The ICO investigation found that the driver had not been told about the sensitivity of the information and had not been informed that the delivery required a signature, or returning to the council if no one was available to sign for the package. Wokingham had also failed to arrange a suitable delivery time with the requester.

The ICO report said that there had been “a series of errors and failures in communication among the [council’s] employees in various departments”.

Previous recommendations – including for mandatory training which would be regularly refreshed for all employees whose roles involved access to personal data – had not been properly implemented, the watchdog added.

In its undertaking the council has agreed to ensure that future deliveries containing sensitive personal information are carried out securely. It will also provide regular training for staff on its updated processes.

ICO Head of Enforcement, Stephen Eckersley, said: “No one expects to have sensitive information about the care of their child left on the doorstep for anyone to stumble across. However, a series of errors by the council has led to a situation where a social service record containing damaging allegations of abuse suffered by the child, has been delivered with no consideration given to its content.”

In the Wirral case, the social services records included sensitive personal details relating to two families living in the borough. In one instance, they included details of a criminal offence committed by one of the family members.

The ICO’s investigation discovered that Wirral had no mandatory data protection training in place for staff and did not have adequate checks in place to make sure records were being sent to the correct address.

Three other disclosure incidents involving the council had also been reported to the ICO previously.

The ICO’s Eckersley said: “While human error was a factor in each of these cases, the council should have done more to keep the information secure.
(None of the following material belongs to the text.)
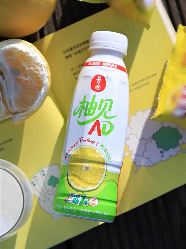 · 吾尚柚见AD钙奶:融合柚子的清苦与回甘,果香与奶香碰撞出层次丰富的味觉体验。

Social workers routinely handle sensitive information and Wirral Borough Council failed to ensure their staff received adequate training on how to keep people’s information secure.  

“We are pleased that the council has now made its data protection training mandatory for all staff following these incidents and has agreed to take further action to address the underlying problems that led to these mistakes. This includes ensuring that all staff complete the data protection training by the end of June and adequate checks are in place to make sure sensitive records are being sent to the right address.”